As cybersecurity threats evolve, DoD servers are the new ground-zero of attacks. Explore how you can better protect and prepare from server firmware.
Challenge
Like the burglar who ignores the well-lit front entrance of a marked house and instead enters through an unlocked backdoor, cyber hackers looking to penetrate defense systems are choosing the path of least resistance. They tiptoe around well-fortified perimeter securities to attack a less conspicuous — and often less secure — point of entry: server firmware. For years, defense agencies have emphasized the value of a defense-in-depth approach to security. But often such efforts overlook the vulnerabilities at the firmware level. Firmware is software embedded in hardware, usually in read-only memory, that directs key hardware functions. Unlike other hardware and software on the network, firmware generally is not covered by traditional security solutions. “Defense agencies have done a great job protecting the perimeter. That’s where all the focus has traditionally been,” said Sam Ceccola, Account CTO of U.S. Department of Defense, CTO of Public Sector, at Hewlett Packard Enterprise (HPE). “So why would anyone attack the strong side of an offensive line? They wouldn’t. That’s why there’s an increase in attacks on firmware.”
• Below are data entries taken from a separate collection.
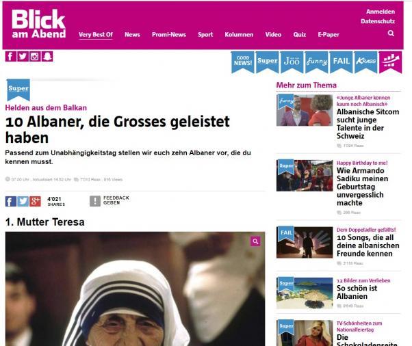 Gazeta zvicerjane “Blick” është fiksuar sot në kuptimin e plotë të fjalës me shqiptarët. Pasi uroi shqip Ditën e Pavarësisë, pak minuta më parë gazeta ka publikuar një shkrim duke radhitur 10 shqiptarët më të famshëm.
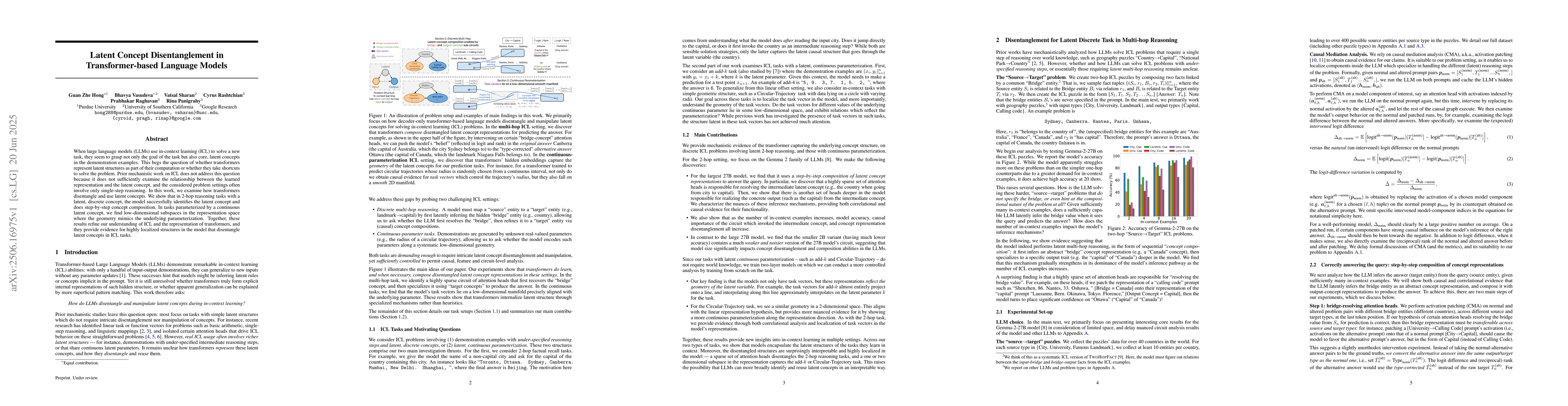 When large language models (LLMs) use in-context learning (ICL) to solve a new task, they seem to grasp not only the goal of the task but also core, latent concepts in the demonstration examples. This begs the question of whether transformers represent latent structures as part of their computation or whether they take shortcuts to solve the problem. Prior mechanistic work on ICL does not address this question because it does not sufficiently examine the relationship between the learned representation and the latent concept, and the considered problem settings often involve only single-step reasoning. In this work, we examine how transformers disentangle and use latent concepts. We show that in 2-hop reasoning tasks with a latent, discrete concept, the model successfully identifies the latent concept and does step-by-step concept composition. In tasks parameterized by a continuous latent concept, we find low-dimensional subspaces in the representation space where the geometry mimics the underlying parameterization. Together, these results refine our understanding of ICL and the representation of transformers, and they provide evidence for highly localized structures in the model that disentangle latent concepts in ICL tasks.
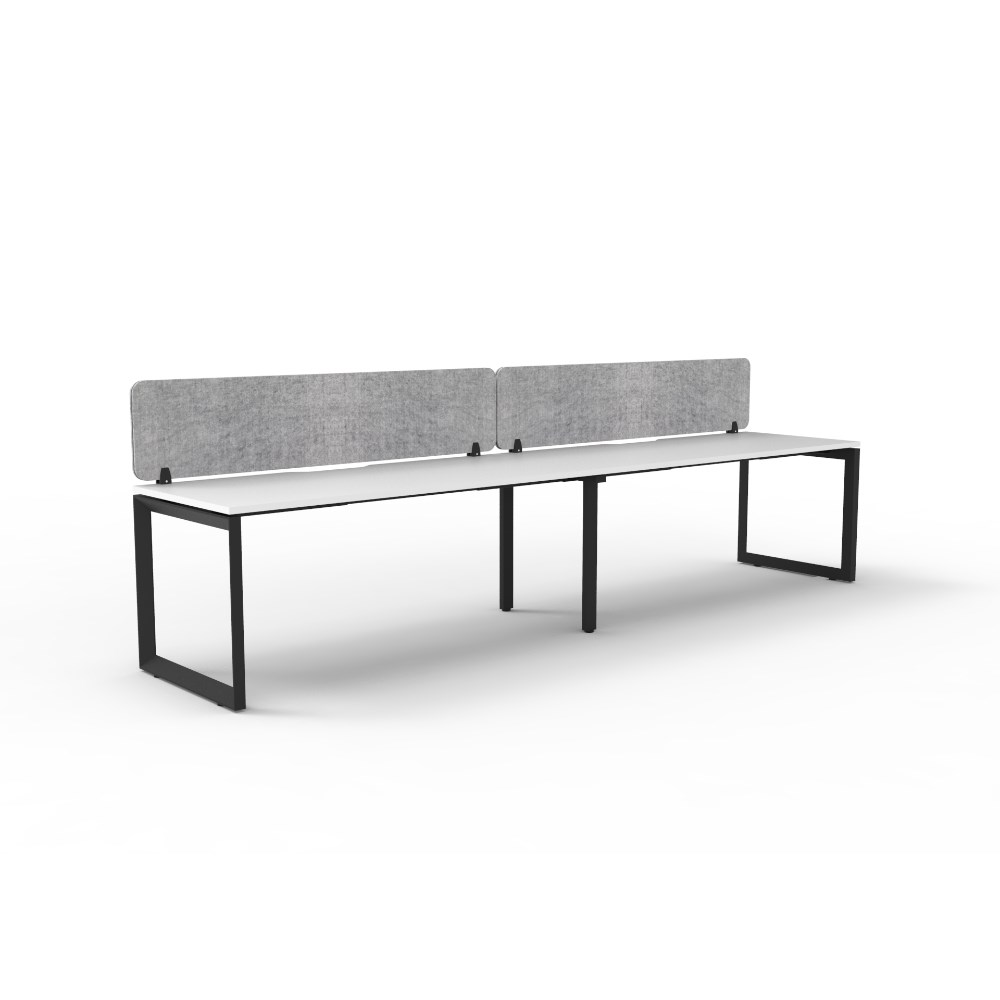 2 person single sided workstation with White top and Black Satin frame, Grey Eco screen.

For defense agencies, the surge in hostile acts against servers comes at a time when forward-deployed personnel are more reliant than ever on edge computing and servers at the edge. Unlike mainframes or cloud computing, edge computing relies on a distributed IT architecture and devices with decentralized processing power to avoid bottlenecks, reduce latency, and shrink distances between users and IT resources. Compliance with NIST guidance requires a level of server security that protects, detects and recovers: protecting hardware, firmware and data; detecting intrusions; and in the event of a breach, recovering data and system operability. Not following NIST guidance is “the biggest risk,” Ceccola said. Consider a Navy vessel deployed to Asia that comes under cyberattack. “It is great if I can protect the server, and good if I can detect that it’s been breached, but what if I can’t recover what was lost or damaged in the attack? I can’t send a technician out to the South China Sea. That server better be able to recover itself back to a last known good state to preserve that mission,” Ceccola said. “There’s a lot of the industry that does a great job protecting part of the firmware, but that’s not good enough, because that still leaves something exposed, and that’s what gets attacked.”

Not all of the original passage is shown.